Uni Göttingen begleitet das Projekt
Für Transparenz und inhaltliches Feedback hat Irskens bereits mit Start im Mai 2022 Wissenschaftler der Universität Göttingen in das Projekt eingebunden. Denn die Regulierung durch die EU sei das eine, so Irskens. "Aber es kann ja sein, dass uns die Regulierung an der einen oder anderen Stelle gar nicht weit genug geht und wir weitere Pflichten für die Justiz beim Einsatz von KI sehen." Etwa dann, wenn Teile eines Urteils mit KI-Hilfe entstanden sind und man die entsprechenden Stellen kennzeichnen müsse. Anfang kommenden Jahres sollen die begleitenden Wissenschaftler eine erste Bilanz ziehen.

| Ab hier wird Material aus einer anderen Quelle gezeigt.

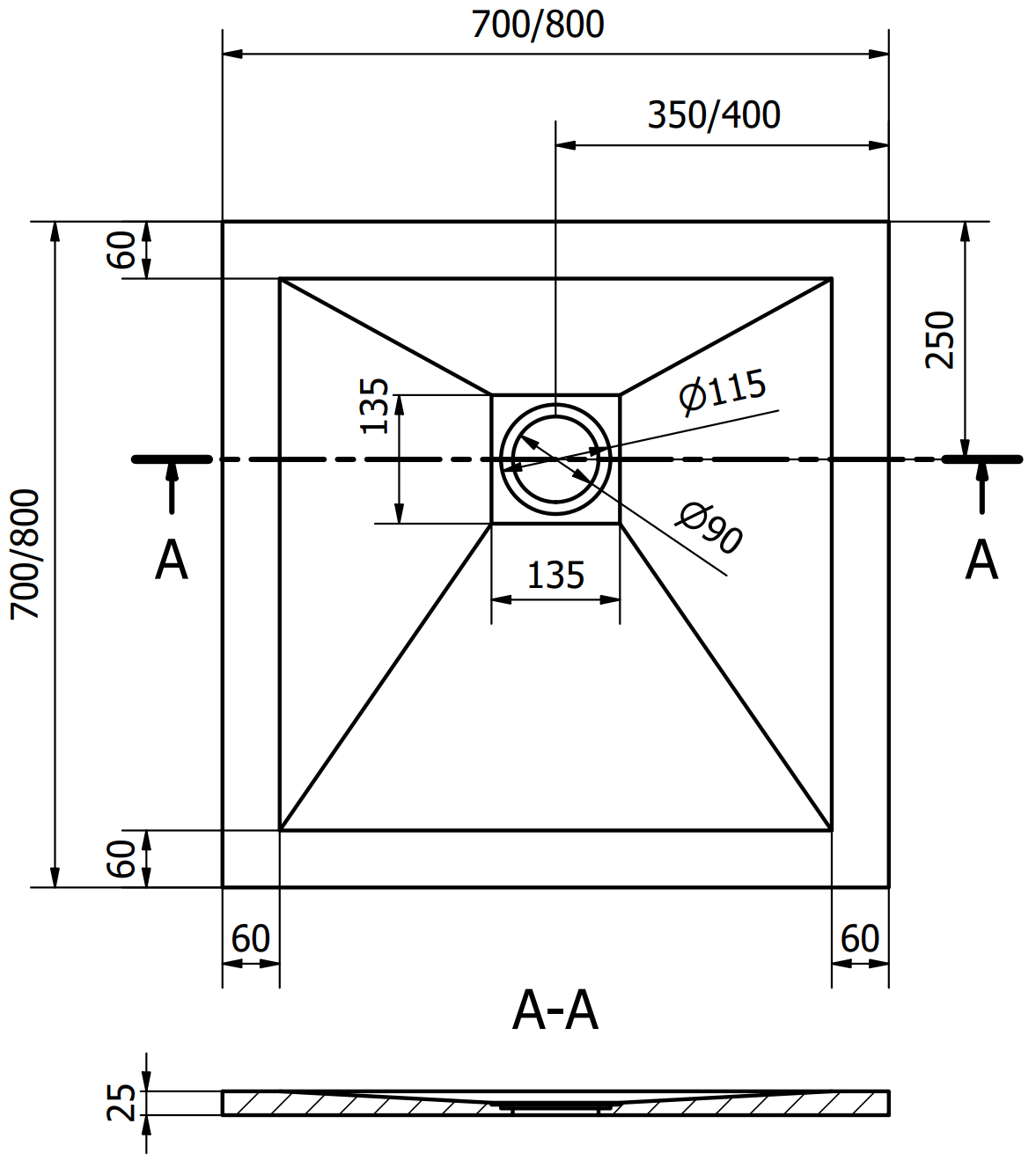 A zuhany tálcát úgy tervezték, hogy a víz szabadon folyhasson a csatornába. Gyors és hatékony vízelvezetést biztosít az evező medence felületéről, megakadályozva a pocsolya kialakulását és a fürdőszobát elárasztva.

Den Projektverantwortlichen im Ministerium war wichtig, kein KI-Programm von der Stange zu nehmen. Das "Maki"-Tool stammt aus einer deutschen Software-Schmiede, von der Firma SINC in Wiesbaden. Sie hat bereits das System der elektronischen Akten in Niedersachsens Gerichten aufgesetzt. Amtsrichter Dach zieht zum KI-Projekt ein positives Zwischenfazit: Die Künstliche Intelligenz, sagt er, könne die Arbeit der Justiz beschleunigen - ein Robo-Richter aber drohe nicht.
Außer am Amtsgericht Hannover wird die KI in Niedersachsens Justiz auch an den Landgerichten Hildesheim und Osnabrück sowie dem Oberlandesgericht Braunschweig erprobt.